### [About this task]
Pictures aside, return every line below exactly as written.

Dataset excerpt section start

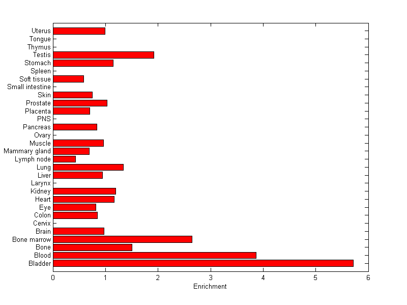 The expression level is normalized with tissue-library size. Each value for a gene in a tissue is a ratio of observed ESTs to the expected one in this tissue. The expected number of ESTs is the product of total ESTs of the gene and the fraction of total ESTs in the tissue among all ESTs in 30 tissues.
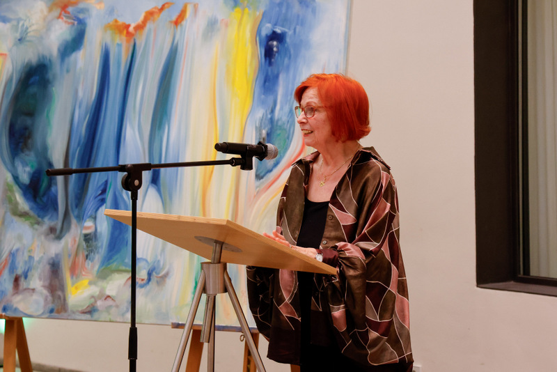 Darüber hinaus gibt es weitere Gemälde der Künstlerin, die sich unter anderem mit dem Wiederaufbau der Dresdner Frauenkirche befaßt hat und dort – als einzige! – auf der Baustelle Motive sammeln durfte, die kurze Zeit später in Bildern festgehalten wurden. Einige dieser Arbeiten sind ebenso zu sehen wie neueste Werke, die sich auf Richard Wagners »Ring« beziehen.
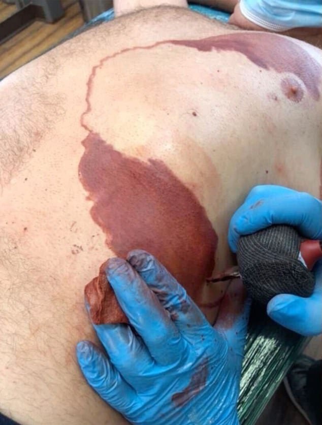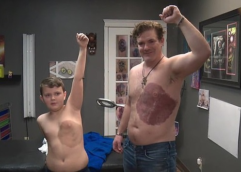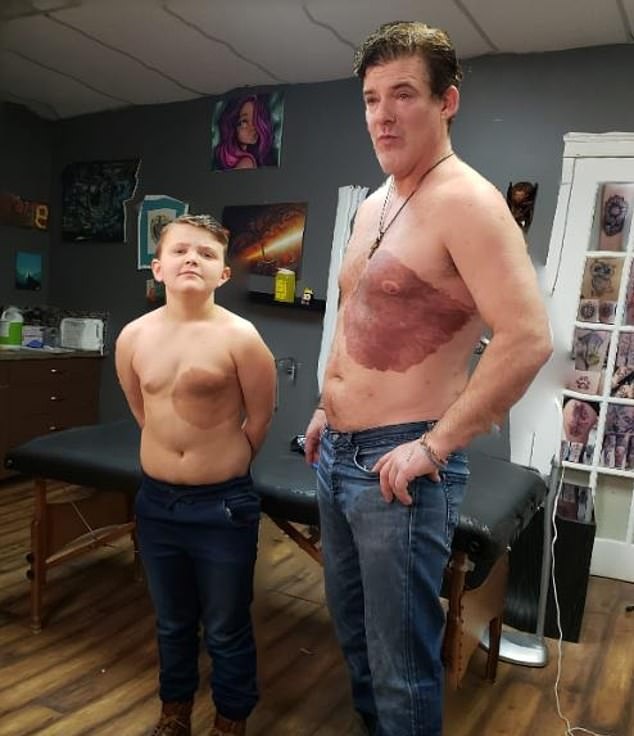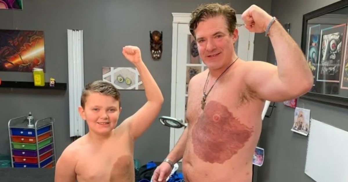 Seeing his son struggle with self-confidence, the dad decided to undergo a grueling nine-session procedure to get a large tattoo across his chest and ribs.

Dataset excerpt section end

### [Response box]
 The expression level is normalized with tissue-library size. Each value for a gene in a tissue is a ratio of observed ESTs to the expected one in this tissue. The expected number of ESTs is the product of total ESTs of the gene and the fraction of total ESTs in the tissue among all ESTs in 30 tissues.
 Darüber hinaus gibt es weitere Gemälde der Künstlerin, die sich unter anderem mit dem Wiederaufbau der Dresdner Frauenkirche befaßt hat und dort – als einzige! – auf der Baustelle Motive sammeln durfte, die kurze Zeit später in Bildern festgehalten wurden. Einige dieser Arbeiten sind ebenso zu sehen wie neueste Werke, die sich auf Richard Wagners »Ring« beziehen.
 Seeing his son struggle with self-confidence, the dad decided to undergo a grueling nine-session procedure to get a large tattoo across his chest and ribs.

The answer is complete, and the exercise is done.